Non simply-connected examples are given by abelian surfaces, which are real 4-tori $\mathbb{T}^4$ equipped with a complex manifold structure. Enriques surfaces and hyperelliptic surfaces have first Chern class that vanishes as an element of the real cohomology group, but not as an element of the integral cohomology group, so Yau's theorem about the existence of a Ricci-flat metric still applies to them but they are sometimes not considered to be Calabi-Yau manifolds. Abelian surfaces are sometimes excluded from the classification of being Calabi-Yau, as their holonomy (again the trivial group) is a proper subgroup of $\mathrm{SU}(2)$, instead of being isomorphic to $\mathrm{SU}(2)$. However, the Enriques surface subset do not conform entirely to the $\mathrm{SU}(2)$ subgroup in the String theory landscape.

=== CY threefolds ===
In three complex dimensions, classification of the possible Calabi-Yau manifolds is an open problem, although Yau suspects that there is a finite number of families (albeit a much bigger number than his estimate from 20 years ago). In turn, it has also been conjectured by Miles Reid that the number of topological types of Calabi–Yau 3-folds is infinite, and that they can all be transformed continuously (through certain mild singularizations such as conifolds) one into another—much as Riemann surfaces can. One example of a three-dimensional Calabi-Yau manifold is a non-singular quintic threefold in $\mathbb{CP}^4$, which is the algebraic variety consisting of all of the zeros of a homogeneous quintic polynomial in the homogeneous coordinates of the $\mathbb{CP}^4$. Another example is a smooth model of the Barth–Nieto quintic. Some discrete quotients of the quintic by various $\mathbb{Z}_5$ actions are also Calabi-Yau and have received a lot of attention in the literature. One of these is related to the original quintic by mirror symmetry.

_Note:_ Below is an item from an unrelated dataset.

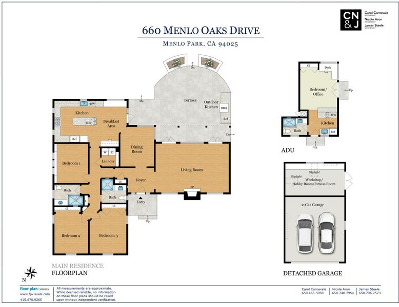 Classic architecture and beautifully curated gardens define this stylishly remodeled Menlo Oaks one-level home set on just over one-half acre. The extensive grounds also include an ADU and a detached two-car garage w/ adjoining hobby room.

For every positive integer $n$, the zero set, in the homogeneous coordinates of the complex projective space $\mathbb{CP}^{n+1}$, of a non-singular homogeneous degree $n+2$ polynomial in $n+2$ variables is a compact Calabi–Yau $n$-fold. The case $n=1$ describes an elliptic curve, while for $n=2$ one obtains a K3 surface.

More generally, Calabi–Yau varieties/orbifolds can be found as weighted complete intersections in a weighted projective space. The main tool for finding such spaces is the adjunction formula.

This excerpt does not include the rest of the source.